Hello, hello, hello. Desculpa a demora, as coisas estão muito agitadas por aqui, e esse capítulo estava incompleto no meu celular a um maior tempão, só faltava finalizar. Como eu já disse, resumi bastante o enredo da fic, pois estou com plenos de postar outra antes do final do ano, então, espero ter vocês como leitores.

Boa leitura.

Capítulo 25 - Dia do julgamento


Cinco dias depois…


Vocês sabem qual é o significado de inferno? Ou melhor, a exemplificação dele? Não? Pois eu lhes apresento agora. A minha vida nos últimos dias.



Eu não consigo acreditar no ponto em que minha vida chegou, sério, não consigo.Se eu achava que tudo que eu passei de ruim era o inferno, eu me enganei, porque eu não sabia o que me esperava pela frente.  Vou citar só algumas coisas para vocês que aconteceram nesses últimos dias. Minha casa já foi revirada mais de três vezes pela polícia, todas as contas do Justin, e nossos conjuntas estão bloqueadas, as propriedades também estão congeladas é sobre investigação, não consegui outra escola pras crianças, elas estão morando com a Pattie, a galeria, que eu nunca imaginei que seria alvo de alguma investigação, já bateu fiscais da federal duas vezes lá, exigiu todos os documentos e os recibos das doações, houve um declínio no número de alunos e professores, porque ninguém quer estudar em um lugar que está sobre investigação criminal. E para completar a desgraça completa, a empresa está indo de mal a pior, perdemos duas grandes empreitadas.


Tenho a dizer que antes do Justin ser julgado não teremos mais nada. Sorte que ainda tenho umas contas separadas e a das crianças, mas isso não será capaz de suprir todos os danos. Porra, na conta do Justin havia bilhões de dólares.


Esses dias eu ainda estou na casa do Chris, eles têm sido bons ajudadores, todos eles. Minha viagem para o Japão está marcada para essa noite, me encontrarei com uma pessoa que poderá me ajudar, ajudar o Justin e nos livrar dessa porra toda.


O julgamento do Justin é daqui a quatro dias, e eu tenho está de volta ao Canadá em três dias. Desde o dado momento em que souberam da prisão do Justin, Chris e Ryan começaram a mexer os pauzinhos para conseguir tirar ele e não deixar a soberania no meio do tráfico cair, pois  a queda do grande Bieber causou rebuliço no mundo do crime.


Chris me disse que esse Gu, o cara que eu vou me encontrar depois de amanhã é como se fosse a Pattie para o Justin. Não, esse Gu não é pai e muito menos mãe de nenhum chefão, ele é a pessoa de fachada, que comanda uma grande companhia, onde o Yang, chefe dos Dragons, lava seu dinheiro. Será esse Gu que fará o intermédio entre eu, quer dizer, nós, pois o Chris também vai nessa, com o Yang.

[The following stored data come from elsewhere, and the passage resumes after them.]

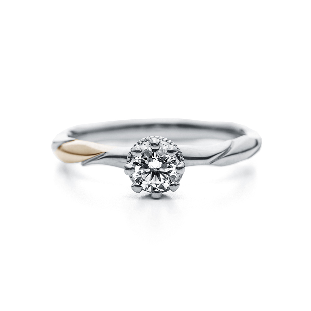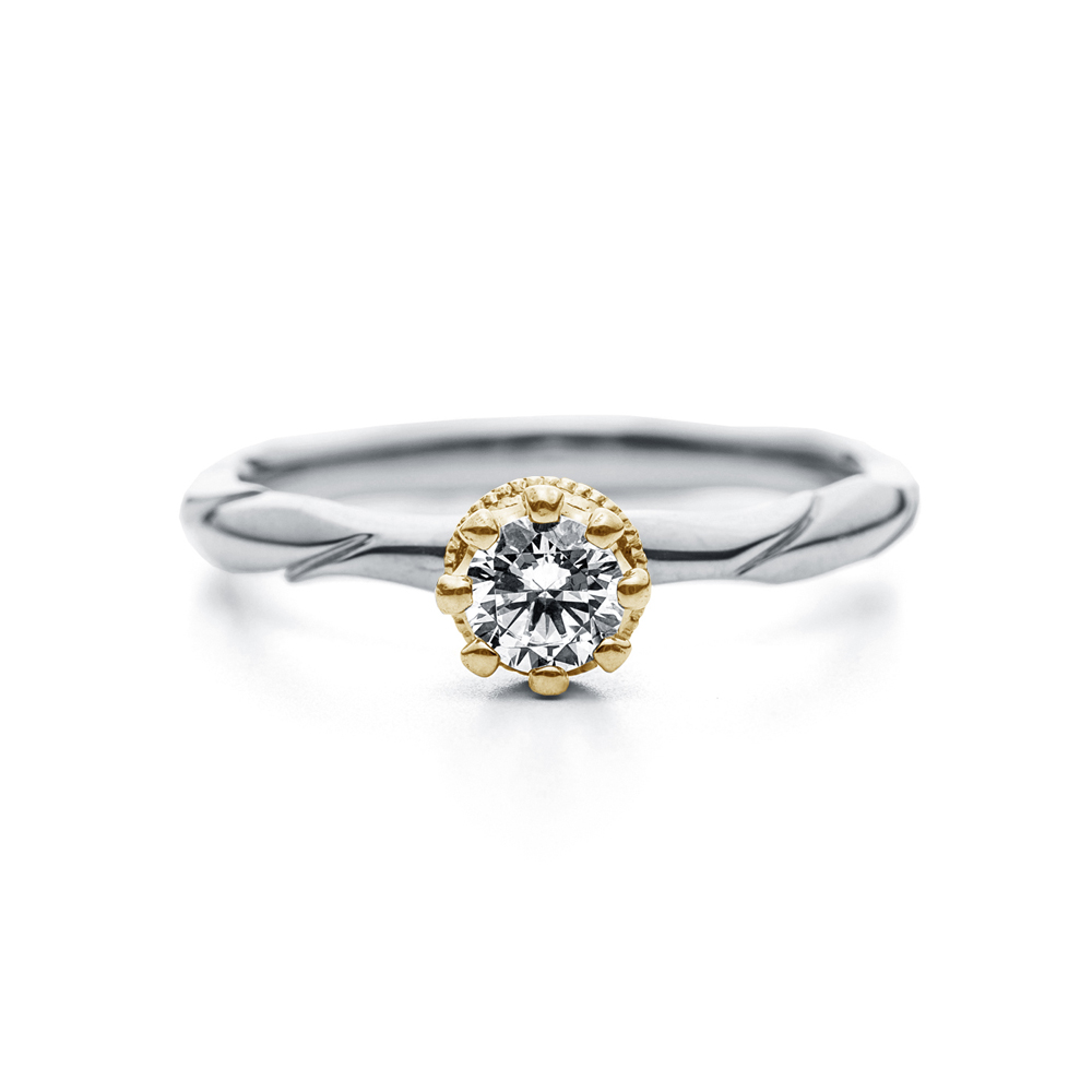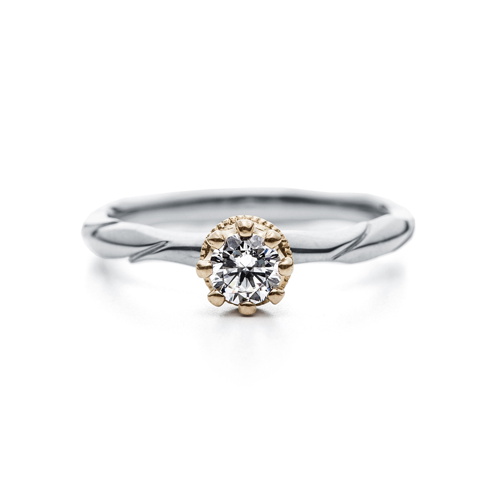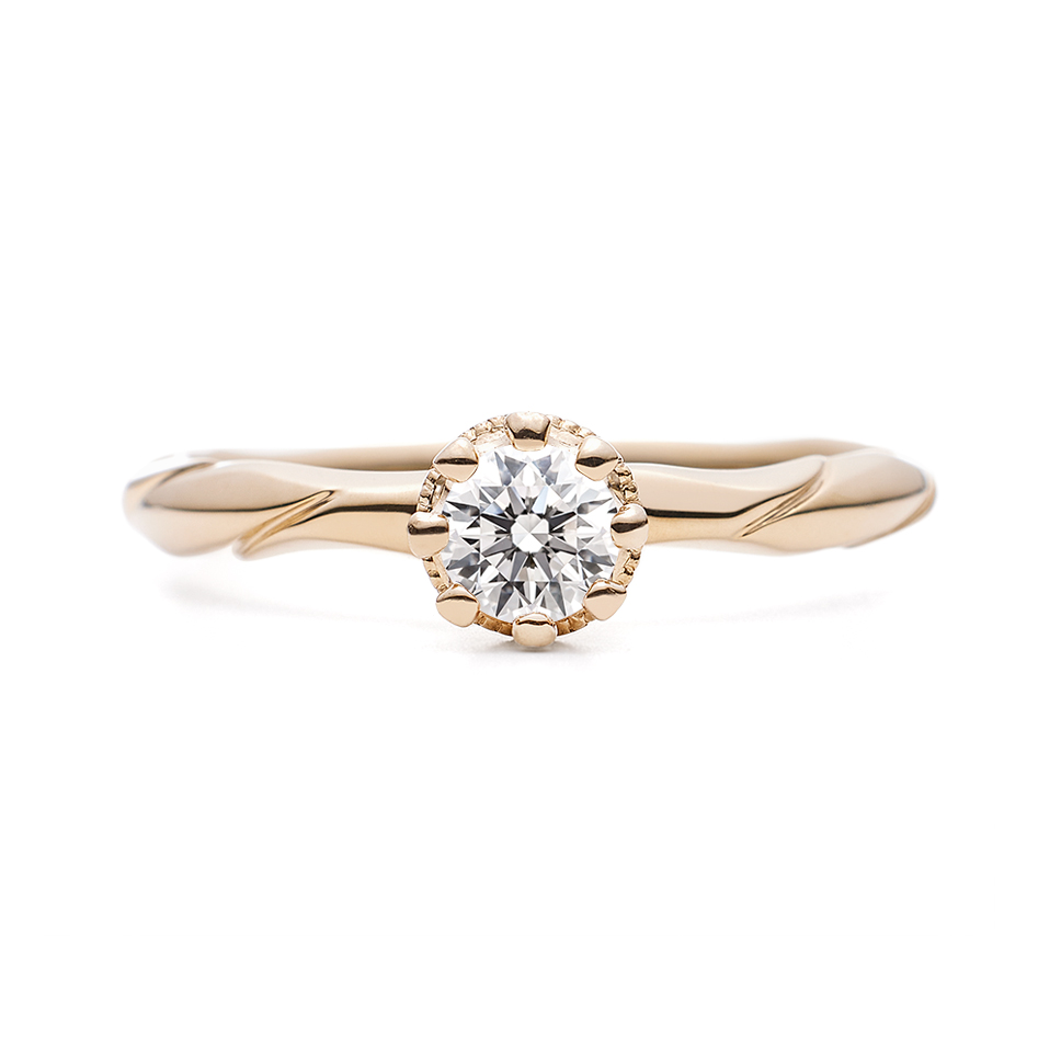 - K18シャンパンゴールドのデザインです。センターダイヤモンドは8本爪です。。爪の付け根が細く、先端に向けて太くなるミルククラウンのような特徴的な爪です。丸く象られた照り返しが横顔の可愛さをつくります。爪部分の下に段をとり、ミル打ちで一周囲んでいます。正面(センターダイヤモンド)からも下段のミル打ちが見えます。また、石枠全体を指輪の上に乗せているので重ね着けの際にピッタリと寄り添います。腕は細身のストレートライン。「葉」のつながりによる強弱が美しいフォルムです。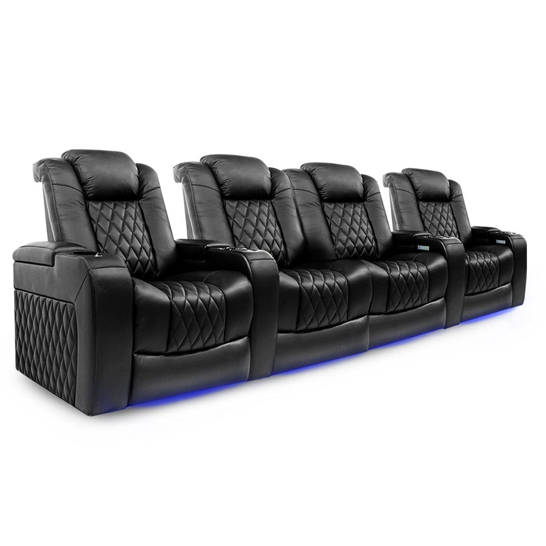 Valencia Tuscany Row of 4 Black Leather Power Reclining Home Theatre Seating with Sofa Centre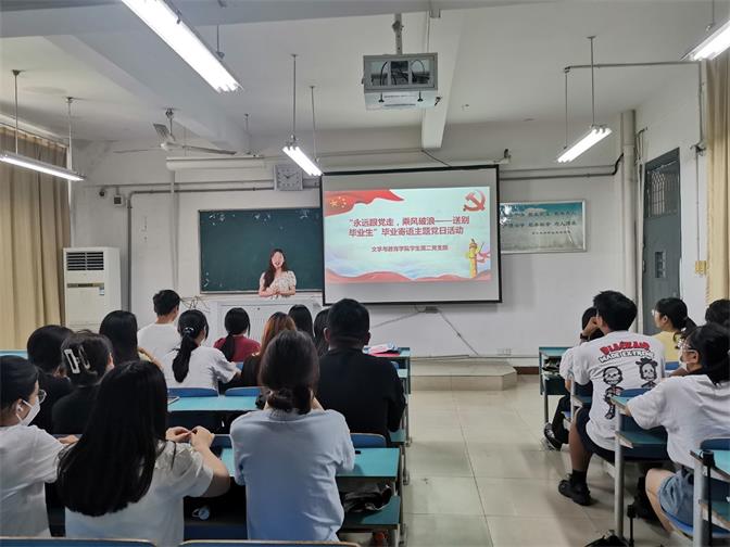 为迎接毕业季的到来,做好毕业生送别工作,营造浓厚温馨的离校氛围,太阳集团tyc151cc学生第二党支部于6月6日中午在B324举办了“永远跟党走,乘风破浪——送别毕业生”毕业寄语主题党日活动。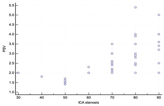 According to the NASCET criteria, three lesions were <50%, seven lesions were 50–59%, five lesions were 60–69%, and the remaining thirty lesions were ≥70%. The scatter plot of PSV and the degree of ICA stenosis is shown in Figure 2.

Só espero uma coisa, que tudo dê certo.


****


Já se aproximava de onze da noite quando decolamos com o jatinho do Chris para o Japão. A viagem seria longa, e eu estava simplesmente exausta.

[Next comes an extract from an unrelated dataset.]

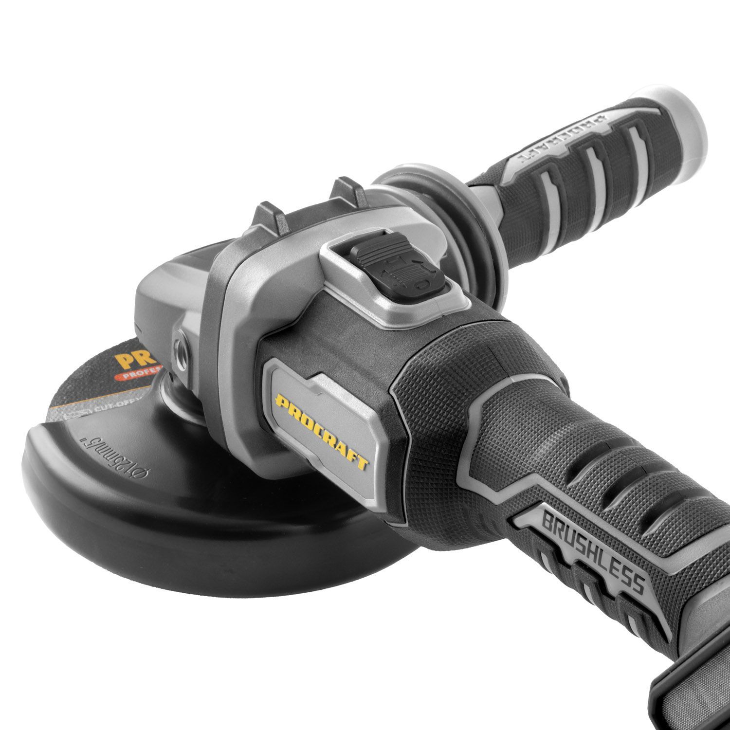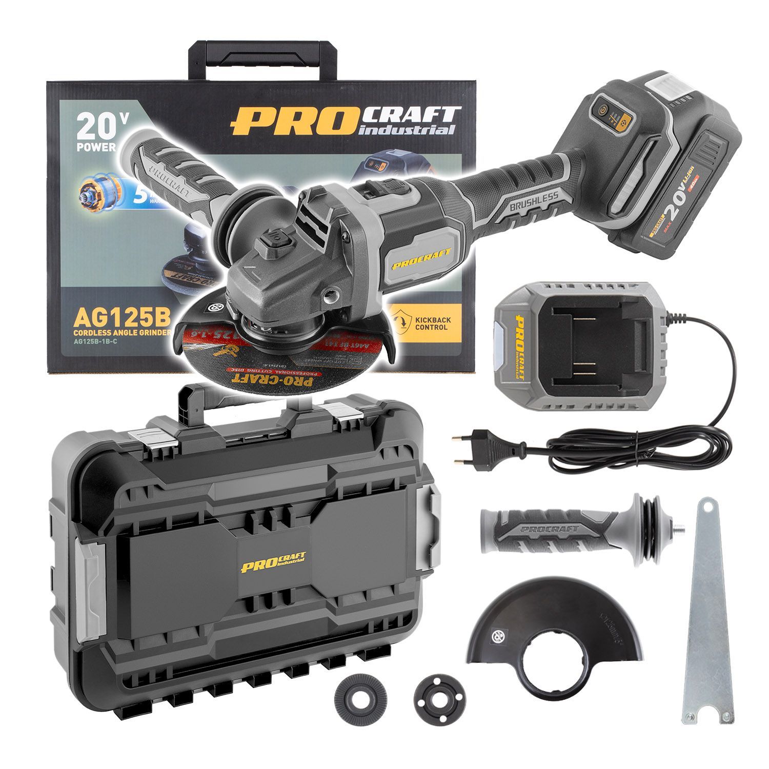 Aku úhlová bruska Procraft AG125B s bezuhlíkovým motorem, třemi rychlostmi (4500/6500/9500ot./min) a průměrem kotouče 125 mm. Lehká (1,80 kg), s regulací otáček a protiskluzovým povrchem. Kickback control. Součástí balení: baterie 20V 4Ah, nabíječka.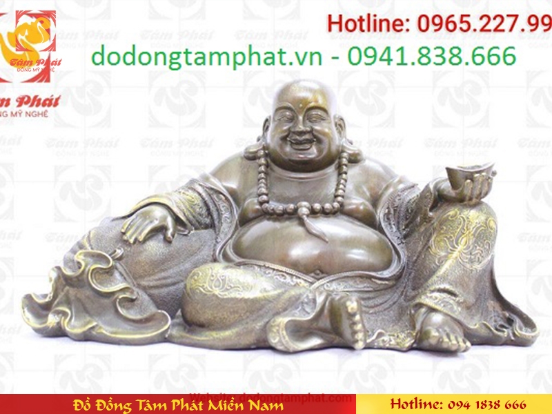 Mục đích sử dụng: Tượng Phật Di Lặc bằng đồng hun xanh dài 40cm cao 20cm là bức tượng Phật cao cấp, linh thiêng, giàu ý nghĩa rất được ưa chuộng. Tác phẩm được Tâm Phát chế tạo kì công từ đồng nguyên chất với màu sắc, hoa văn tinh tế cùng những nét chạm đúc công phu, sâu sắc giá trị nhân văn. Bức tượng được được sử dụng trưng bày trong cơ quan, phòng khách nhằm mang lại may mắn cho gia chủ…

— Ly, você me parece cansada. — Chris fala, me encarando.


— E estou. —. Respiro fundo e passo as mãos pelos cabelos.


— Durma, a viagem será longa e cansativa. Quando chegarmos eu te acordo.


Eu nem retruquei, só recostei mais a poltrona e fechei os olhos. Eu necessitava de dormir.


****



Senti uma mão chacoalhando meu ombro, o que me fez acordar assustada.


— Ly, acorda, chegamos. — era Chris, que havíamos chegado.


Cocei os olhos e olhei para os lados, minhas costas doíam e eu sentia como se rosto estivesse todo massacrado. Levantei ainda desnorteada e fui acompanhando o Chris, que levava minha bolsa e uma mala, pois percebeu o estado em que eu estava..


— Você dormiu pra caramba.— ele riu. — fizemos duas paradas para abastecer e comer em um lugar descende e você ficou dormindo. — riu. — você estava cansada mesmo. — ele abre a porta do carro, que nos levaria até o hotel.


— Nossa, eu dormi mesmo. — sorri fraco. — minha barriga doe, estou com fome. — reclamei.


— Quando chegarmos ao hotel vamos jantar. — concordo. —  vamos ficar no mesmo quarto, tem algum problema?


— Não, nenhum. — sorri fraco.


O carro parou, com certeza chegamos ao hotel. Chris saiu e logo em seguida eu fiz o mesmo, não havia percebido que o céu já havia escurecido. Entramos no hotel, pegamos as chaves na recepção e subimos de elevador até um dos últimos andares. Nossa suíte era enorme, e havia duas camas, então, cada um ficaria com uma.


— vou pedir um jantar para nós. — Chris falou e eu concordei.


Fui até minha bolsa, peguei uma muda de roupa que eu havia trago e entrei no banheiro. Meu corpo estava moído, eu precisava de um bom banho.



***


No dia seguinte eu estava de pé, pontual como o sol.  Eu estava nervosa, a reunião com esse tal presidente Gu era daqui duas horas e isso seria bastante decisivo para o Justin, o certo é ele já ter um dossiê que no mínimo faça com que o Justin responda em liberdade.


Isso é o que eu espero.


Estava andando de um lado pra o outro, igual uma barata tonta, só esperando o Chris se arrumar, para que possamos tomar café e só assim nos encontrar  com o tal Gu


— Ly, você está de pé a quantas horas? — Chris apareceu, e eu o encarei.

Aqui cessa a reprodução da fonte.